Balancing+Act%3A+Deanna+Baris+%E2%80%9914+practices+on+the+balance+beam+at%0D%0AArena+Gymnastics.
Liana Sonenclar
Balancing Act: Deanna Baris ’14 practices on the balance beam at Arena Gymnastics.

Over the summer, teenagers find thousands of ways to fill their time, from wrangling 8-year-olds at day camps to lounging under the scorching sun at Compo beach.

But imagine spending the long awaited school holidays with 20 or more hours a week on the balance beam, uneven bars, the vault and the spring floor. This summer, four Staples High School girls committed their days to gymnastic training.

Twin sisters Kristen and Pamela Onorato, ’15, along with fellow Staples students Eliza Donovan ’16 and Hannah Rose ’16, all train and compete at Arena Gymnastics in Stamford, Connecticut, both during the school year and over the summer.

According to their website, Arena Gymnastics offers practices for students anywhere from preschool age onwards. The gym’s primary goal is providing an environment in which students develop individual skills, with emphasis on fun, sportsmanship and safety.

The Staples representatives at Arena can certainly attest to these qualities.

“[Everyone at Arena Gymnastics] is focused, works hard every day and wants to do their absolute best,” Rose said. “Having that energy around the gym is really motivational and encouraging.”

Kristen has a similar attitude. “The training I have received [at Arena] has helped me excel as a gymnast and a person.”

The Onorato twins practiced five hours every day for seven weeks this summer, with only two week-long breaks at the beginning and end of summer.

Rose and Donovan also trained five hours a day, but only four days a week.

The girls’ staggering workloads would leave many exhausted at the mere thought of them.

But when thinking about what motivation and drive she needs to keep up this rigorous schedule, Kristen has no trouble coming up with an answer.

“It’s simple,” she concludes. “The love of the sport.”

Pamela agrees. “It’s something I love to do, so I enjoy spending time there.”

Pamela also benefits from the nature of constant evolution that gymnastics presents.
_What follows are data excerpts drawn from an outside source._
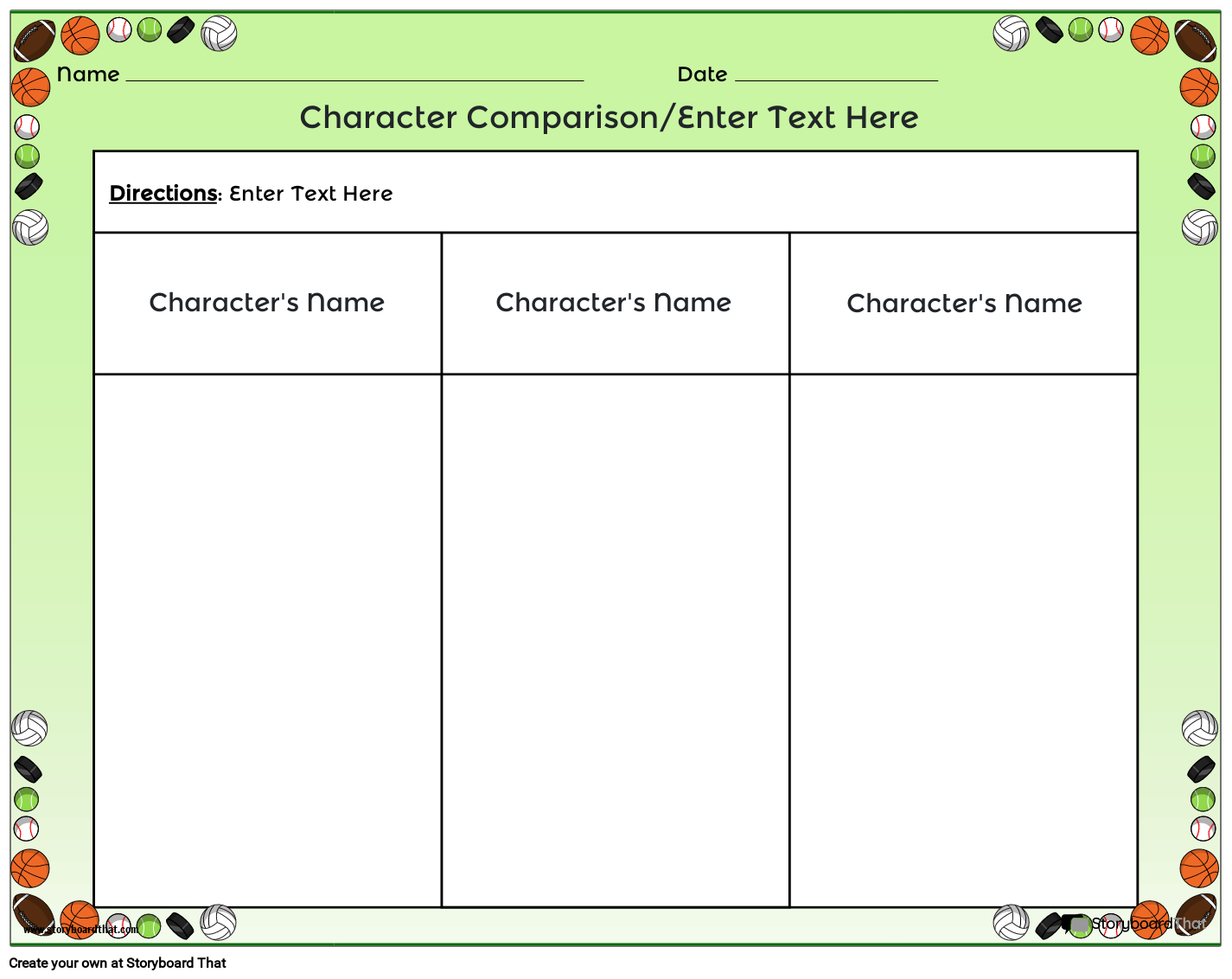 तीन वर्णों के लिए खेल थीम पर आधारित चरित्र तुलना चार्ट।
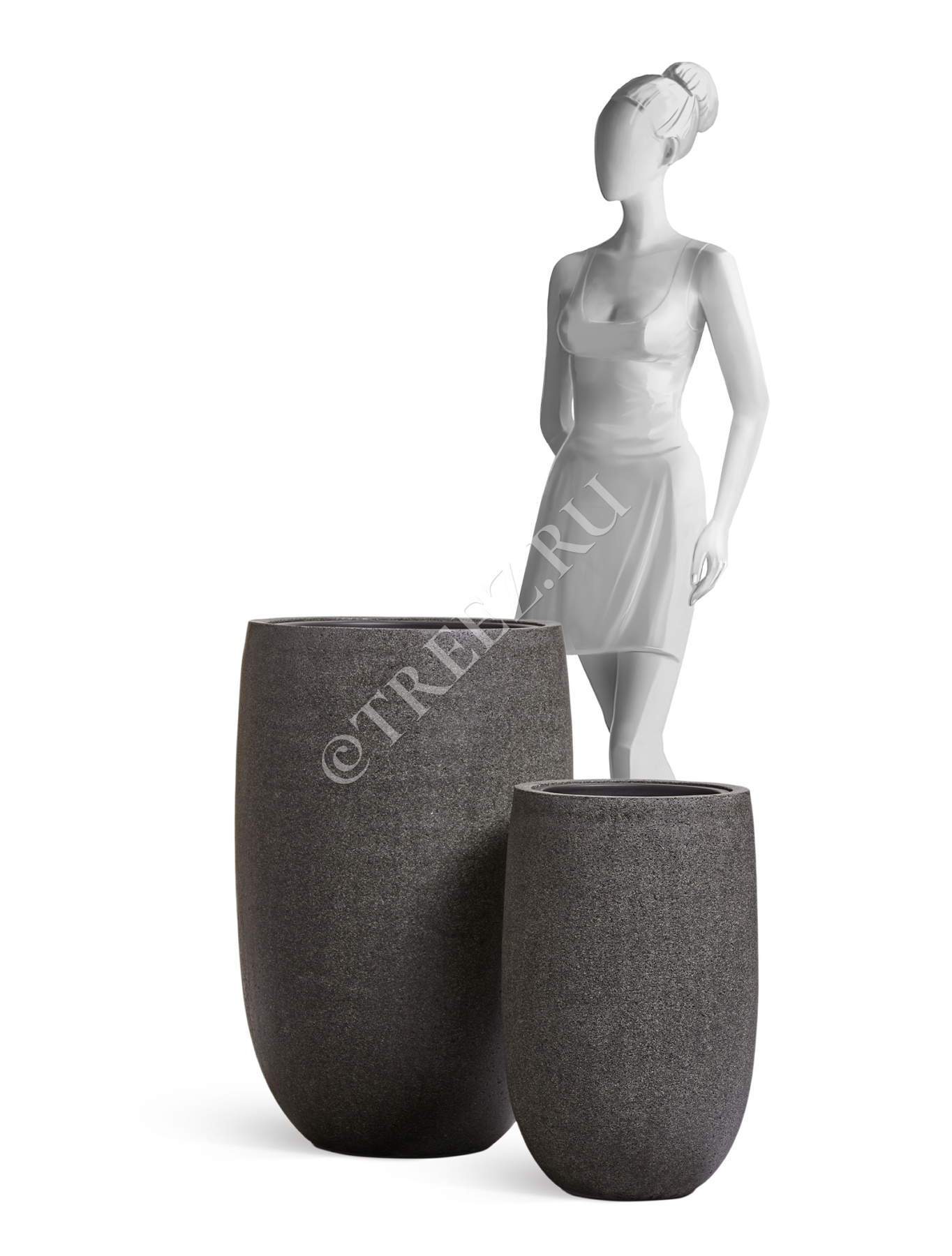 Кашпо TREEZ Effectory - Stone - Высокий округлый конус - Тёмно-серый камень
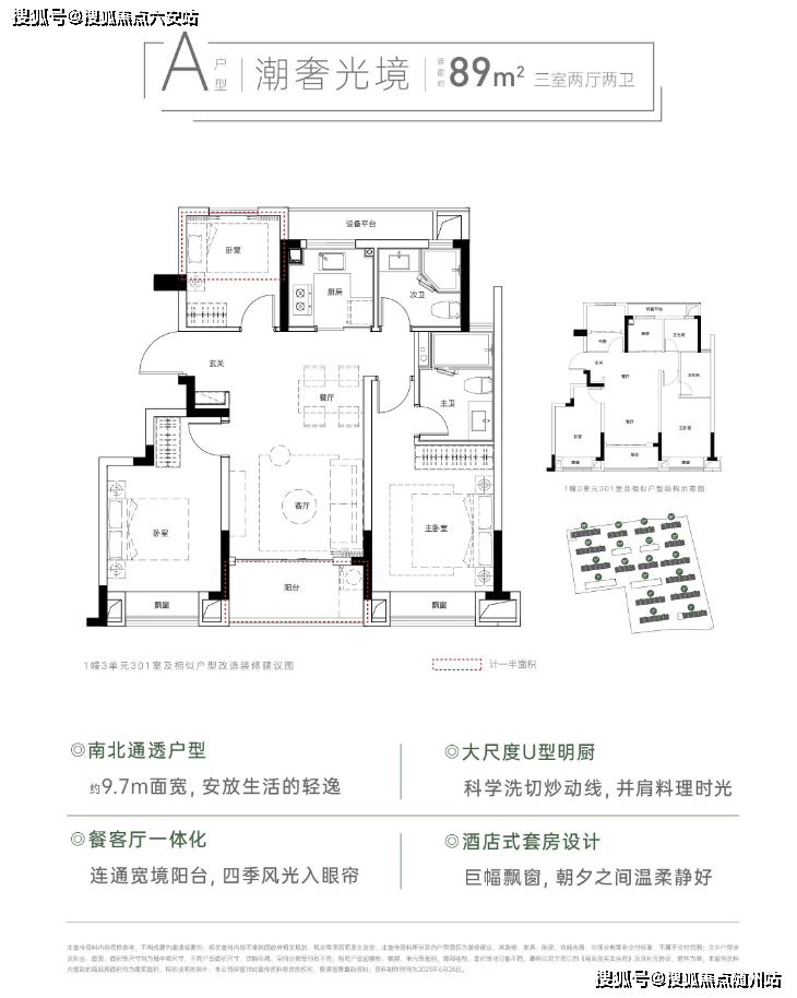 89㎡三房两卫:三开间朝南,6.8米景观阳台,主卧套房设计,总价仅170万起;

“I like setting goals and achieving them,” Pamela says. “With gymnastics, you can improve every day, and there is almost always something you can do better.”

Even with these strong beliefs, the girls still face many challenges with this commitment.

“Summer practices are tough,” admits Rose. “Practices are longer and the gym is hotter, but they are also the most fun because it’s when we can start working on new skills for the next competition season.”

Kristen agrees that the level of intensity over the summer is well worth it.

“I love learning new skills and working harder to become the best I can be.”

The Onoratos have been practicing and competing in gymnastics at Arena since they were in second grade when they started at the gym’s first compulsory level (four). The twins have since progressed to level nine, the second highest level a.

Hannah and Eliza are close behind their older teammates, both currently training for level eight.

With all their progress and achievements, the girls show no signs of stopping anytime soon.

“We would both love to do gymnastics in college,” Kristen said of herself and her sister. “We’ll train longer and work harder academically to make this a possibility.”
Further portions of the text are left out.